Going Public – San Diego Public Market

On the entrance to the Public Market space

Last Sunday I made my way down to the new San Diego Public Market on National.  It’s a great space with a bright future and it has the potential to really drive change in one of San Diego’s oldest neighborhoods.  The trick, of course, is driving the right kind of change–but what the heck does that mean!?! It’s worth talking about, but first let’s have a look inside the market, shall we?

As of this writing, the Market is open from 9am – 2pm on Sunday and Wednesday.  If you want to figure out how to get here on the trolley (3 blocks away) click here or you can map it from your house here. The address is 1735 National Avenue San Diego, CA  92113.  The cool thing about this being the early days of the market is that there is parking everywhere.  So although it’s a very easy bike ride from downtown, North Park and lots of parts of the city, you can find easy parking if you need it (note: there’s actually a lot right behind the Market where you can park and it’s dedicated for the Market).

So, we got out of the car and bumped into some family who live out in Talmadge–yes, people from all over are coming.  This was a pleasant surprise, as was the guy named Tom who was standing in front of these cool site plans explaining what the future of the Market was to be.  I can’t do it justice, so you can get a full read here.  From what I remember, it will have permanent food stalls, some stalls for fresh fish caught nearby, a test kitchen for classes and restaurants to experiment, jewelry and craft stalls and food truck rally space.  And, which I thought was especially cool, there is a plan to celebrate all sorts of holidays in the great public space–Eid, Christmas, Hanukkah, Kwanzaa and probably others I don’t know about.  This will be a cool way to blend cultures and create interesting interactions between people. The vision Tom laid out sounded very much like they want to create the type of great public space that exists at the Ferry Building in San Francisco or Granville Island Public Market in Vancouver.  Quick aside: I was talking to Chef/Owner Matt Gordon of Urban Solace (in North Park) and Solace and the Moonlight Lounge (in Encinitas) at dinner recently and he was telling me how great it is as a chef to be able to run down on Wednesday and get fresh local supplies.  To hear restaurant owners get excited about the space is nice because it creates almost a backbone of customers that can be supplemented with neighbors and regular San Diegans.

The real potential power of the Market isn’t just in creating “place” in an older community.  It’s also in the creation of an economic engine that doesn’t require a technical background for residents to make, grow or sell items to the public.  The trick, as is often the case when you have a Market where the eggs cost $6/dozen, is creating something that benefits San Diego without involuntarily displacing people who live in the neighborhood.  If neighbors choose to sell their homes as values rise, that is their right.  But for those in rental markets, the issue of keeping available and affordable rental homes is an extremely challenging one.  We can’t–and shouldn’t–force private property owners not to prosper as their property values rise.  As the neighborhood gets more attractive to more people, scarcity is likely to drive rental prices up.  Smarter people than I are trying to find creative ways to minimize these impacts on poor and working class families, but it’s something for which I hope there is a good solution.  A couple interesting potential solutions involve the city purchasing property that it chooses to subsidize or finding a way to capture some of the value of new public infrastructure improvements on the surrounding properties.
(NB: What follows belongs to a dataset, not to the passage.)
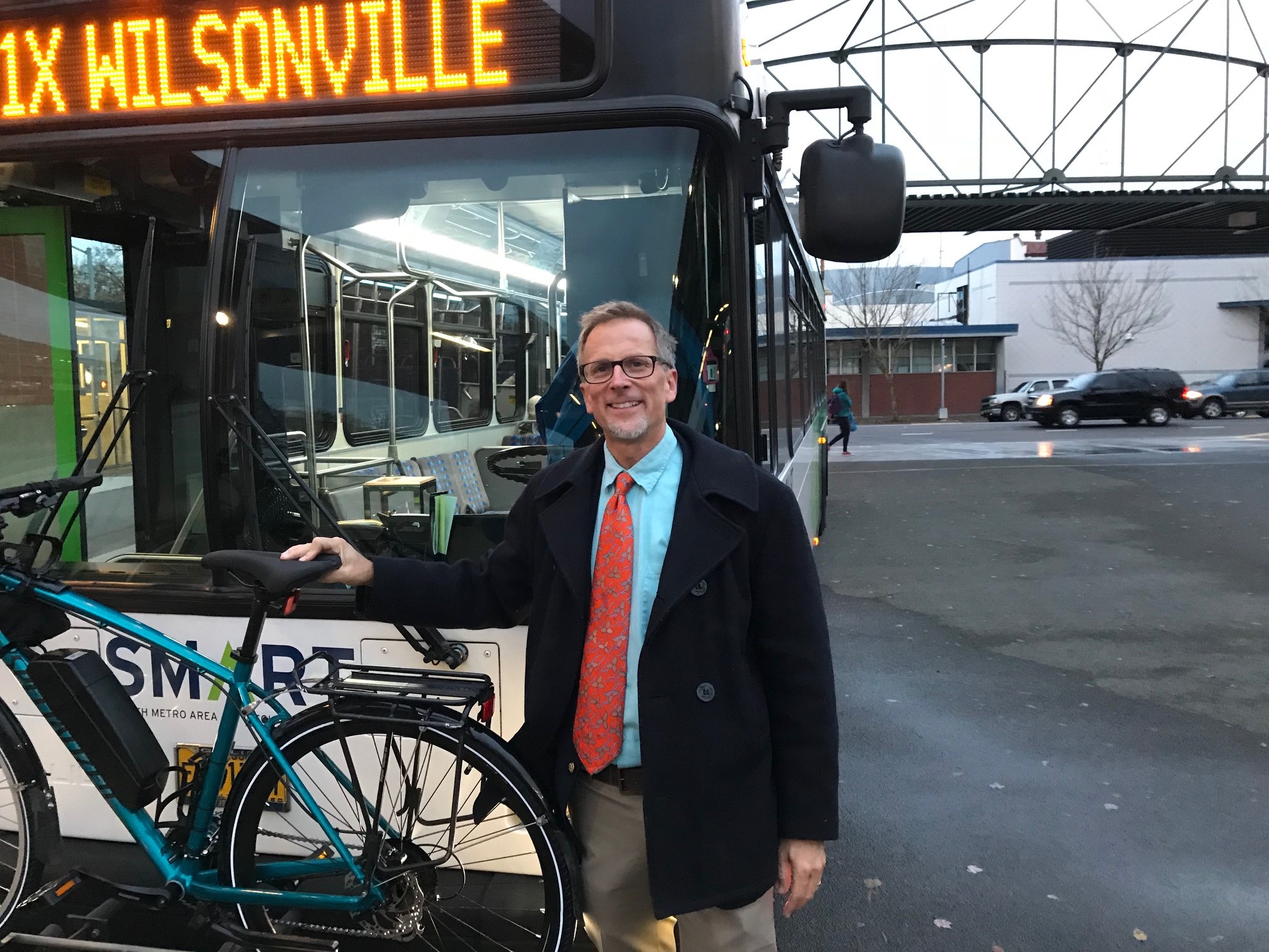 Thanks to the bike racks on the Route 1X buses, Moody starts his day with a cardio workout. He rides his bike from his Wilsonville home to reach the transit center in Wilsonville, where he boards a bus heading south.

I found a variety of fresh vegetables and nuts and had a pleasant conversation with Gemma, the owner of this farm.

The banner of a first generation farmer in San Diego County…very friendly and helpful. Also very good freshly squeezed O.J.

The above photo is from Paradise Valley Ranch.  Gemma and her husband Dennie were great and helpful.  They have plans to create evening experiences where groups can go out and enjoy the farm and have a nice big meal.  Sounds like a grand time, actually.  Oh, and when I say they had great orange juice, Dennie was literally squeezing it as we spoke. Nice. Another cool item I stumbled on was an East African woman who set up a food truck for her catering business, which shows the promise of this type of venue.  Another part of the promise of the Market is it’s proximity to downtown.  If our city leaders can focus improved land use designations that foster walkability and consistency, there is an increased chance that developers will put in the type of projects that will make the Market a destination for downtown visitors as well as a gateway to the growing arts scene in Barrio Logan.  This type of vision wouldn’t be possible without people like Catt White and Dale Steele, the founders.  And it will only flourish if our city takes seriously the opportunity to make economic and land use decisions that allow more San Diegans to benefit within the local economy.  Thanks for reading, have you visited yet?